[swift-evolution] [Pitch] Remove bit shift traps
Dany St-Amant
dsa.mls at icloud.com
Fri Mar 18 07:10:58 CDT 2016
> Le 18 mars 2016 à 07:03, Haravikk via swift-evolution <swift-evolution at swift.org> a écrit :
>
> Since the trap represents a possible mistake, I think it’s better to keep it. However, we could have &<< and &>> operators that return the suggested defaults? This would also be more explicit that there is extra behaviour on the operation (so it may be a tiny bit slower than << and >>).

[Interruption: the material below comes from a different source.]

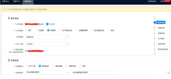 進(jìn)入用戶的會員中心,查看企業(yè)信息
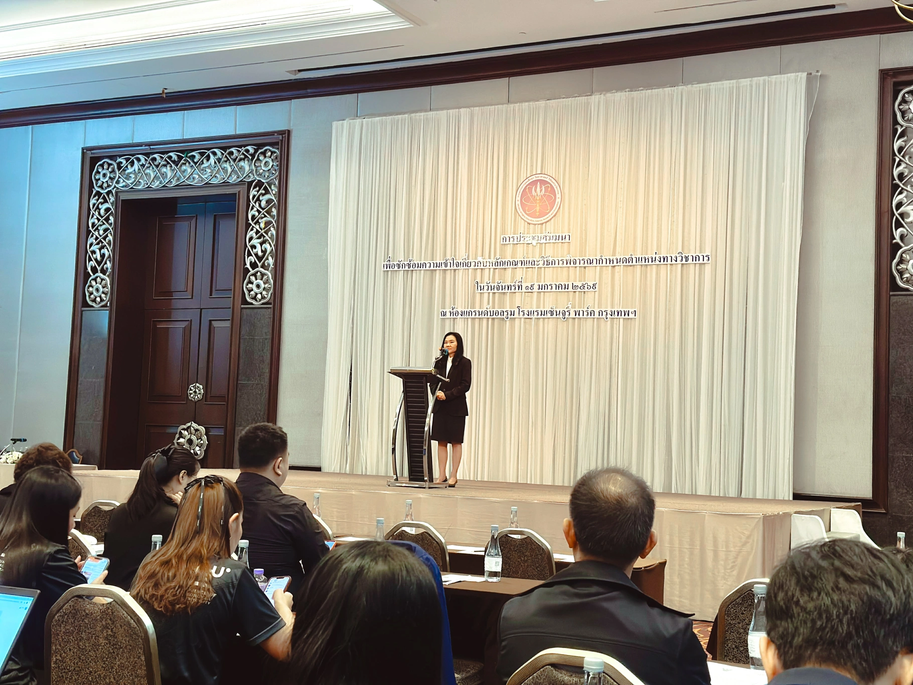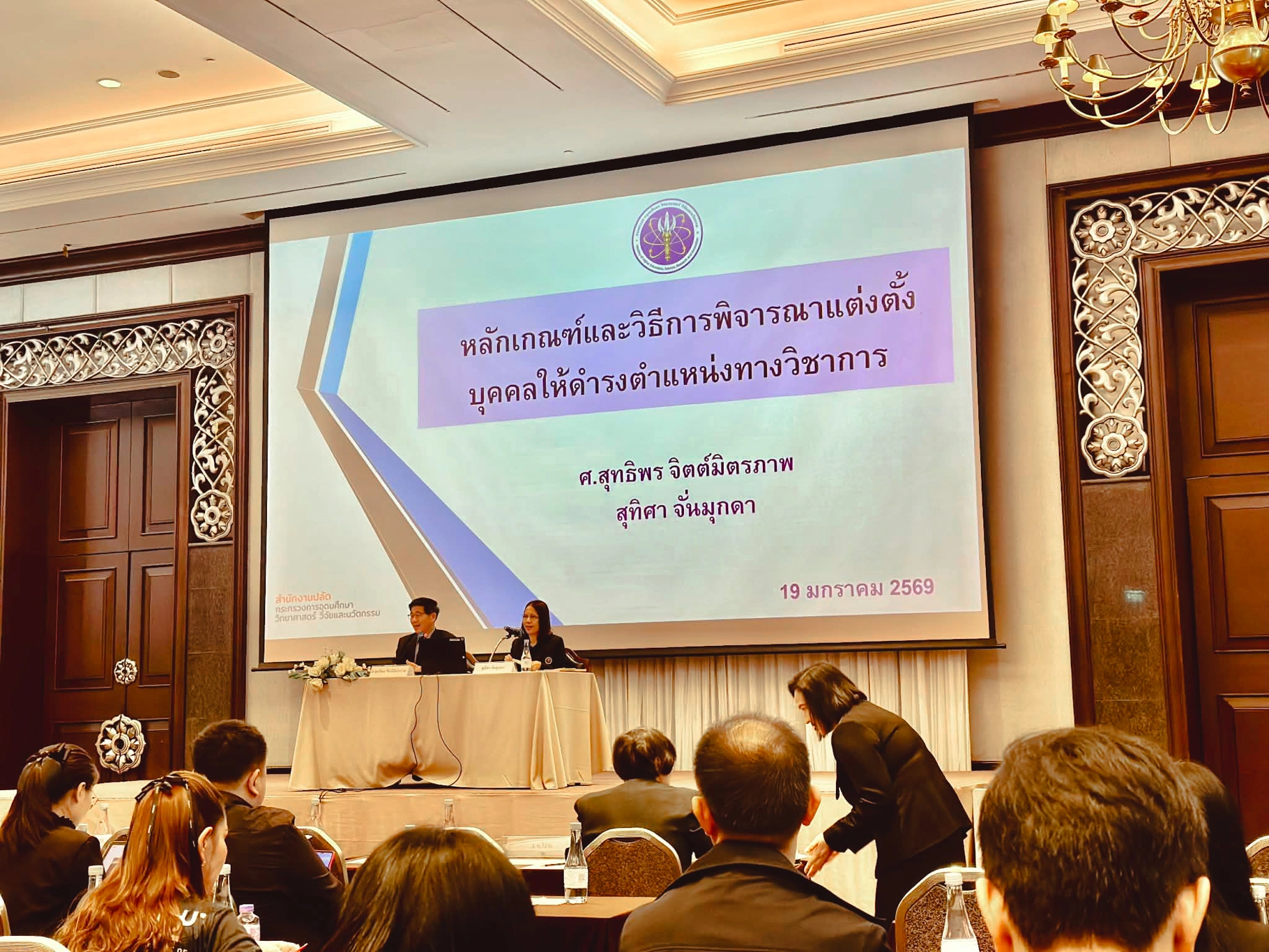 วันที่ 19 มกราคม 2569 ผู้ช่วยศาสตราจารย์ ดร.ชญาดา กลิ่นจันทร์ รองอธิการบดีฝ่ายวิจัยและบริการวิชาการ ปฏิบัติหน้าที่เลขานุการตำแหน่งทางวิชาการ มหาวิทยาลัยราชภัฏกำแพงเพชร และงานบริหารทรัพยากรบุคคลและนิติการ เข้าร่วมการประชุมสัมมนาเพื่อซักซ้อมความเข้าใจเกี่ยวกับหลักเกณฑ์และวิธีการพิจารณาแต่งตั้งบุคคลให้ดำรงตำแหน่งทางวิชาการ รุ่นที่ 3 (สำหรับเจ้าหน้าที่สถาบันอุดมศึกษาของรัฐ) ณ ห้องแกรนด์บอลรูม โรงแรมเซ็นจูรี่ พาร์ค กรุงเทพฯ

Behaviour-wise, this &operator would be quite different that the other ones, as it doesn't handle overflow of the result, but an invalid rhs. If the meaning of &operator is that flexible, I think it may be better to use &<< and &>> for the missing rotate operator. I cannot say that I have ever had a use for rotate in high level language, but it have been quite useful in assembly.
Dany
>
>> On 18 Mar 2016, at 05:34, Patrick Pijnappel via swift-evolution <swift-evolution at swift.org> wrote:
>>
>> Currently, bit shifting with an amount greater than or equal to the size of the type traps:
>>
>> func foo(x: Int32) {
>> let y = x << 32 // Runtime trap (for any << or >> with amount >= 32)
>> }
>>
>> I propose to make this not trap, and just end up with 0 (or ~0 in case of right-shifting a negative number):
>> Unlike the traps for integer arithmetic and casts, it is obvious what a bitshift past the end does as fundamentally the behavior stays the same.
>> If the intention is to make it analogous with multiplication/division by 2**n, the checks don't really change anything. Right shift are still identical to divisions by 2**n. Left shifts are like multiplication by 2**n but with different overflow behavior, which is already the case with the current rules (e.g. Int.max << 1 doesn't trap)
>> It could lead to bugs where users expect this to work, e.g. the following crashes when the entire buffer is consumed: buffer = buffer << bitsConsumed
>> Bitshift are often used in performance-sensitive code, and with the current behavior any non-constant bit shift introduces a branch.